This notebook makes use of the fantastic library `pytorch-metric-learning` developed and maintained by Kevin Musgrave. You can find the github at the following link:

- https://github.com/KevinMusgrave/pytorch-metric-learning

You can find a ton of useful metric learning modules there, along with a super friendly API for rapid training and evaluation. I recommend reading through the example notebooks because they are very well put together (below borrows from them heavily).

Here we use the library to train a basic whale detector using an efficient net backbone (https://arxiv.org/abs/1905.11946) with ArcFace loss (https://arxiv.org/abs/1801.07698). This is a very straightforward example and there are many ways to improve. Here are some suggestions:

- Change the train/validation split to better resemble the public LB.
- Change the model trunk.
- Pre-process the images by e.g. applying bounding boxes.
- Experiment with the training proceedure.

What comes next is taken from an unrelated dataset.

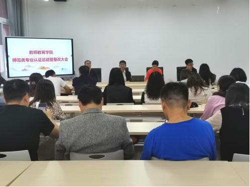 6月8日下午14:30,学院在博学楼3栋138会议室召开师范类专业认证总结暨整改大会,会议由副院长蒋文峰主持,全体教职工参加。

I will continue to develop this notebook over time and hopefully improve the results.

All feedback appreciated.

**Change Log**

- Version 9: switched to 384x384 dataset, added training augmentation, and switched from Adam to SGD with cosine schedule.
- Version 8 (LB: 0.245): fixed bug where same individual predicted multiple times for single image and increased the KNN search range.
- Version 6 (LB: 0.229): switched to cropped YOLO5 input, switched to b3 model, reduced epochs, and updated logging.
- Version 4 (LB: 0.190): initial notebook completed.

## Dependencies

In [1]:
!pip install timm
!pip install pytorch-metric-learning[with-hooks]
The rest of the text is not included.